Partinin avukatı Burhanettin Sevencan ve Muammer Cemaloğlu´nun açtığı davanın dilekçesinde, Şık´ın, Bazı Kanun ve Kanun Hükmünde Kararnamelerde Değişiklik Yapılmasına Dair Kanun Teklifi´nin birinci maddesi üzerine söz talep edip Meclis kürsüsünde konuşma yaptığı belirtildi.
Şık´ın, konuşmasında, "yasa tasarısının içeriği ile ilgisiz şekilde, AK Parti hakkında akla, mantığa ve vicdana sığmayan, tamamen iftira niteliğinde bazı açıklamalar yaptığı, açıklamalarında AK Parti´ye yönelik, katlanılması asla mümkün olmayan çok ağır hakaret, suç isnadı ve iftiralarda bulunduğu" ifade edilen dilekçede, Şık´ın konuşmasından bölümlere yer verildi.
Şık´ın söylemleri üzerine TBMM Genel Kurulunda gerginlik yaşandığı ve oturuma ara verildiği belirtilen dilekçede, akabinde, Şık´ın iki birleşim Meclisten çıkarma cezası aldığı hatırlatıldı ve şöyle denildi:
"Davalının yapmış olduğu konuşmada iktidar partisi olan müvekkil Adalet ve Kalkınma Partisi hakkında sarf ettiği ifadelerin ve iddiaların tamamı gerçek dışı ve hayal mahsulüdür. Bu tarz asılsız iddialarla gündeme gelmek, davalının mensubu bulunduğu partinin siyasi ideolojisi haline gelmiştir.
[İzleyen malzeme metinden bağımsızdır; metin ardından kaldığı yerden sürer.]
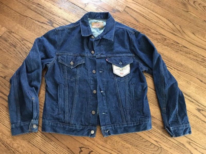 Четыре кармана. Медные пуговицы. В настоящее времени уже не производится. Два нагрудных, два боковых кармана Размер: US 46 Российский размер 50/52 Реальные замеры: длина по плечевым швам - 50 см длина по подмышками - 58 см длина от подмышки до конца манжеты рукава - 53 см длина рукава - 65 см длина сзади по центру от воротникового шва до низа - 62 см длина окружности по талии - 50 см 193. Абсолютно новая классическая джинсовая куртка Levi's 70506-0217 середина 70-х, жесткая не стиранная, 100% хлопок, цвет - very dark indigo(очень чернильно-синий индиго), красный таб(Red tab), двойные швы на рукавах, 52 пуговица, сделано в США. Четыре кармана. В настоящее время уже не производится. Очень старые запасы - made in USA. Модель/цвет - 70506-0217 2 нагрудных кармана, 2 косых кармана Размер по тегу US - 44L(удлиненная) - редко встречается Российский размер - 50\52 Реальные замеры: длина по плечевым швам - 49 см длина по подмышкам - 56,5 см длина рукава - 68 см дина от подмышки до конца манжеты рукава - 54 см длина по центру от воротникового шва до низа - 62 см пояс - 51 см 194. Абсолютно новая классическая джинсовая куртка Levi's 70506-0216 середина 80-х, made in USA, 100% хлопок, цвет - dark blue indigo(темно-синий индиго), номерная пуговица 725, красный таб(Red tab), сделано в США. Четыре кармана. В настоящее время уже не производится. Старые запасы - made in USA. Модель/цвет - 70506-0216 2 нагрудных кармана, 2 косых кармана Размер по тегу US - 42R Российский размер - 48/50 Реальные замеры: длина спереди по плечевым швам - 48 см длина по подмышкам - 54 см длина рукава - 63 см дина от подмышки до конца манжеты рукава - 54 см длина по центру от воротникового шва до низа - 60 см пояс - 50,5 см 195. Отличная классическая джинсовая куртка Lee Storm riderr модель 221-5089, утепленная на подкладке, конец 80-х годов 20 века, 100% хлопок, цвет Dark Blue Rinsed (тёмно-синяя стоунвош), вельветовый воротник, утепленные рукава, утепленная подкладка, Четыре кармана. Сзади пуговицы Lee riders. Старые запасы - made in Mexico. 2 нагрудных кармана и 2 косых кармана. Размер: по тегу US - XL. Российский размер - 58 Реальные замеры: длина по плечевым швам - 56 см длина по подмышками - 69 см длина от подмышки до конца манжеты рукава - 48 см длина рукава - 63 см пояс - 60 см длина сзади по центру от воротникового шва до низа - 66 см 196. Классическая джинсовая куртка Lee Riders модель 220-0241, made in USA, середины 70-х годов 20 века, жесткая не стиранная, 100% хлопок, цвет Dark Blue Indigo(тёмно-синий индиго), Union Made label в переднем правом кармане, двойной шов под воротником, сделано в США. Два кармана. В настоящее время уже не производится. Сзади пуговицы Cat's eye. Старые запасы - made in USA. 2 нагрудных кармана. Размер по тегу US - 44. Российский размер - 52/54 Реальные замеры: длина по плечевым швам - 53 см длина по подмышками - 59/60 см длина от подмышки до конца манжеты рукава - 53 см длина рукава - 67 см пояс - 55 см длина сзади по центру от воротникового шва до низа - 60см 197. Абсолютно новые классические мужские джинсы Wrangler 912DEN, сделаны в США в середине 80-х , тяжелый 100%cotton 14 3/4 OZ, жесткие не стиранные, кожаный патч, двойной боковой шов, молния Ideal made in USA. медные заклепки на передних и задних карманах, материал - broken twill(елочка). Старые запасы - made in USA. Regular fit, straight leg - прямой фит, прямые(не клешеные), высокая посадка, жесткие(Rigid), не стиранные, dark blue indigo(чернильно темно-синий индиго). Размер по тегу US - W36x L32 Российский размер - 52; Реальные замеры: полуталия - 45 см; передняя посадка - 33 см; внутренний шов - 82 см; длина - 110 см; низ штанины - 21,5 см. 198. Абс

Davalının, davaya konu açıklamalarında bahsettiği hususlar akıl, mantık ve vicdanla bağdaşmayan, gerçekle hiçbir ilgisi olmayan, tamamen hakaret ve iftira kastıyla ortaya atılmış asılsız ve mesnetsiz olmanın ötesinde, açıkça müvekkilin kişilik haklarını ihlal eden mahiyettedir.
Bu çerçevede davalı Ahmet Şık´ın Adalet ve Kalkınma Partisi´ne, Türkiye Cumhuriyeti devletinin manevi şahsiyetine ve AK Partimilletvekillerine yönelik bu hakaret, tehdit ve küfürleri hukuk düzeninin himaye etmeyeceği derecede ağır ve haksız birer saldırıdır."
Dilekçede, Şık´ın "akla, mantığa, vicdana aykırı iddialarının kabul edilebilir olmadığı", "bu iddialarla açık ve galiz hakarette bulunarak, halkı kin ve düşmanlığa tahrik ettiği ve suç isnadında bulunduğu" ifade edildi.
Şık´ın, siyasi eleştiri adı altında yapılan, fakat orantısız ve gerekli olmayan sözler içeren konuşmasının "düşünce açıklaması ve eleştiri" olarak kabul edilemeyeceği kaydedilen dilekçede, "bu denli ağır hakaretlerin düşünce açıklaması olarak kabulü halinde kişilik değerlerinin, hukuk ve anayasal güvenden yoksun kalacağı" belirtildi.
Ankara Nöbetçi Asliye Hukuk Mahkemesinde açılan davanın dilekçesinde, "Şık´ın, bir siyasetçiye yakışmayacak düzeydeki çirkin üslubuna karşı caydırıcı bir tazminata hükmedilmesi gerektiği" ifade edilerek, Şık´tan 100 bin lira manevi tazminat talep edildi.